**Your assignment**
The material below has pictures in it. Set down only the lines from the line containing "Mit den kurzen" through the line containing "为了验证 Curr-ReFT 的泛化性以及使用后不会削弱模型在其他领域的推理能力,我们在多模态领域多个", word for word, and leave the pictures behind.

**Records for this task**
[Start of section]
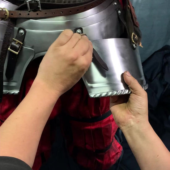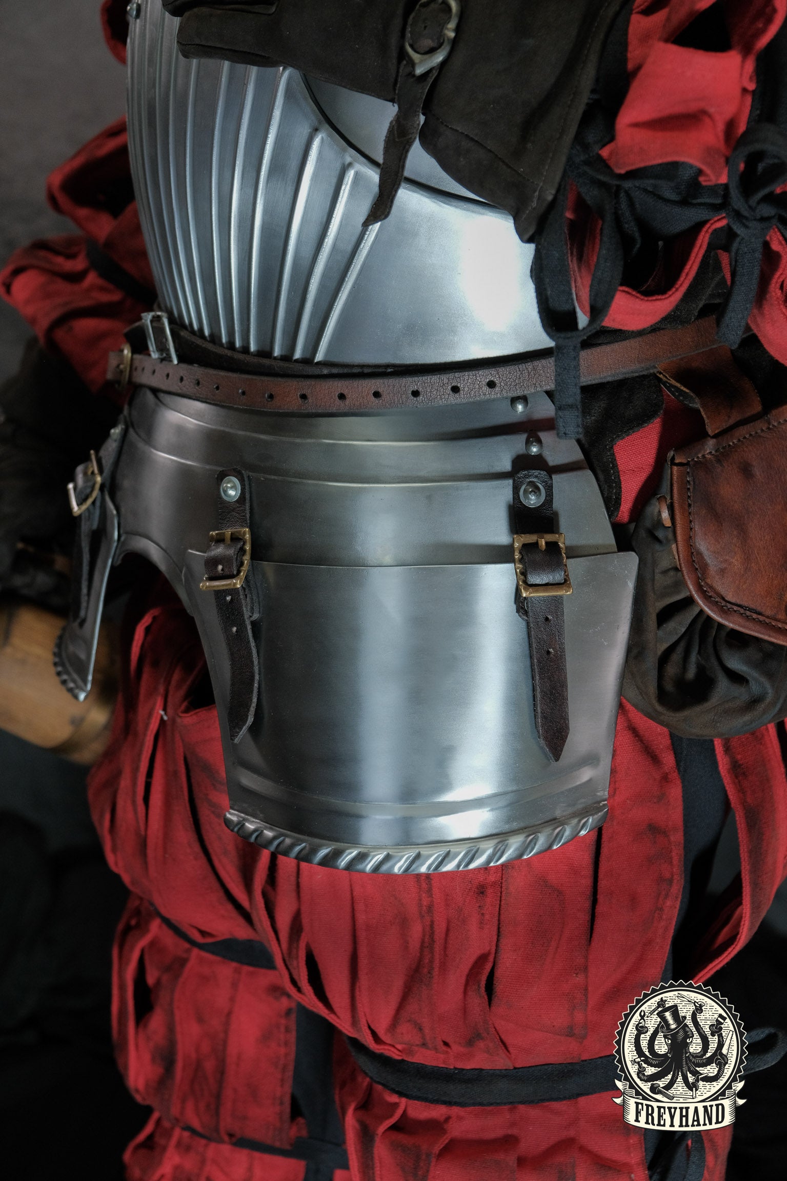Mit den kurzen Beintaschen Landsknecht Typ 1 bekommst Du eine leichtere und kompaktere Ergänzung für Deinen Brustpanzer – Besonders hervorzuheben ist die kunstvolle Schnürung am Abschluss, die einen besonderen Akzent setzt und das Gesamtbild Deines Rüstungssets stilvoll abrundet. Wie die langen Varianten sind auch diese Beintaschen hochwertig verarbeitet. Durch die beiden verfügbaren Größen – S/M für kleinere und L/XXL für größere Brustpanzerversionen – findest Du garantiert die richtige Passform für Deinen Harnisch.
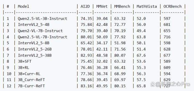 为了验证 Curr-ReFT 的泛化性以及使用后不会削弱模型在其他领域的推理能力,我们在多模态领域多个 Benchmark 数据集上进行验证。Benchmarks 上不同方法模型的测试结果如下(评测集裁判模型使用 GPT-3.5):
[End of section]
[Start of section]
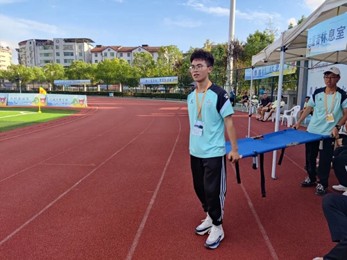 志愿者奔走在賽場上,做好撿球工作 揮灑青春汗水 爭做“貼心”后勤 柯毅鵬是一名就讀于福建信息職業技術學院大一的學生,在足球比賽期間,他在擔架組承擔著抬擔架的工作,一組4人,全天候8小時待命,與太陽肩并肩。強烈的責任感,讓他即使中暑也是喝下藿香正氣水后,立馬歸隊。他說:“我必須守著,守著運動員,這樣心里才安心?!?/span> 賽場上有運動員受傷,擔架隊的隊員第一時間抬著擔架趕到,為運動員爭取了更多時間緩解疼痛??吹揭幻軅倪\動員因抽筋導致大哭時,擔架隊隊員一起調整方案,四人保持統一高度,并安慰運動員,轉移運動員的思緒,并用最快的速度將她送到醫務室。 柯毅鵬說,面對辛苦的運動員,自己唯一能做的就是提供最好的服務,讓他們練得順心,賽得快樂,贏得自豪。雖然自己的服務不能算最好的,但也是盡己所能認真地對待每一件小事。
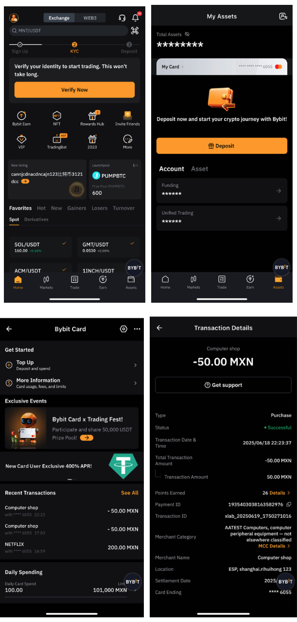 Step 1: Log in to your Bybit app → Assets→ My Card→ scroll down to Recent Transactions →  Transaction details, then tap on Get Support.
[End of section]
**Your response**
Mit den kurzen Beintaschen Landsknecht Typ 1 bekommst Du eine leichtere und kompaktere Ergänzung für Deinen Brustpanzer – Besonders hervorzuheben ist die kunstvolle Schnürung am Abschluss, die einen besonderen Akzent setzt und das Gesamtbild Deines Rüstungssets stilvoll abrundet. Wie die langen Varianten sind auch diese Beintaschen hochwertig verarbeitet. Durch die beiden verfügbaren Größen – S/M für kleinere und L/XXL für größere Brustpanzerversionen – findest Du garantiert die richtige Passform für Deinen Harnisch.
 为了验证 Curr-ReFT 的泛化性以及使用后不会削弱模型在其他领域的推理能力,我们在多模态领域多个 Benchmark 数据集上进行验证。Benchmarks 上不同方法模型的测试结果如下(评测集裁判模型使用 GPT-3.5):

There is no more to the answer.